Friday , 17 January 2020
Latest News
Import cargo volumes at America’s major retail cargo handling container ports were expected to drop 6.8% this month (February) but should show year-over-year increases through most of the remaining first half of 2012. This is according to the monthly Global Port Tracker report, released by the National Retail Federation (NRF) and Hackett Associates.

Port Tracker predicts retail container traffic

These conclusions are based on a survey and analysis of inbound container traffic flows at the ports of Charleston, Hampton Roads, Houston, Long Beach, Los Angeles, New York/New Jersey, Oakland, Savannah, Seattle and Tacoma.

“With consumer confidence building, retailers are optimistic that the economy is recovering but are continuing to be cautious with their inventory levels,” said NRF vice president for Supply Chain and Customs Policy, Jonathan Gold. “Retailers want to be sure that growth will be sustained and that demand will be there to meet supply.”

US ports followed by Global Port Tracker handled 1.17m teu in December, the latest month for which finalised numbers are available.
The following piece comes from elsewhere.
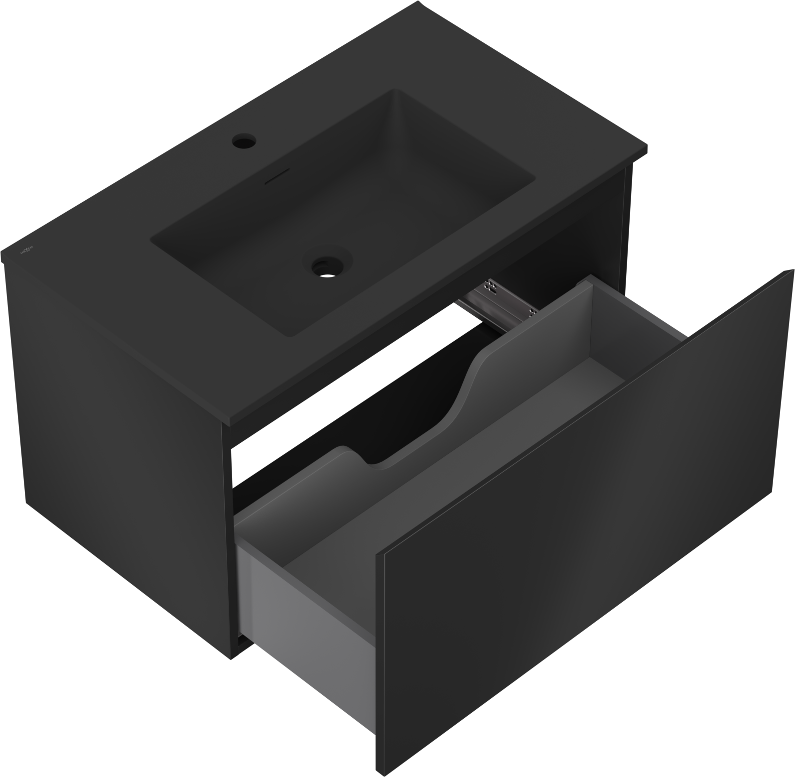 Decupajul în sertar este proiectat în așa fel încât să acomodeze sifonul, care este esențial în instalațiile de lavoare. Datorită acestui fapt, mobila poate fi montată complet funcțională, fără a fi necesară renunțarea la spațiul din sertar în favoarea instalației.
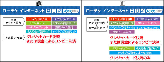 | 「対象チケット特典」および「お支払い方法」箇所 |

That was down 6% from the preceding month, but up 2% from December 2010. That brought the year-end 2012 total to nearly 14.8m teu, up 0.4% from 2010’s 14.75m teu.

The report estimates the January count at 1.17m teu, down 3.3% from January 2011, and forecasts that the February 6.8% drop will account for 1.03m teu. In subsequent months it forecasts: March 1.18m teu (+8.6%); April 1.25m teu (+2.4%); May 1.28m teu (-0.7%) and June 1.28m teu (+3%). It expects the first 2012 total will be up 0.5% from last year to 7.18m teu.

“Current statistics suggest that the economy will continue to improve as we continue into 2012,” said Hackett Associates’ founder Ben Hackett. “The question is will wholesalers and retailers be able to manage their inventories as well as they did in 2011? Most likely, yes.”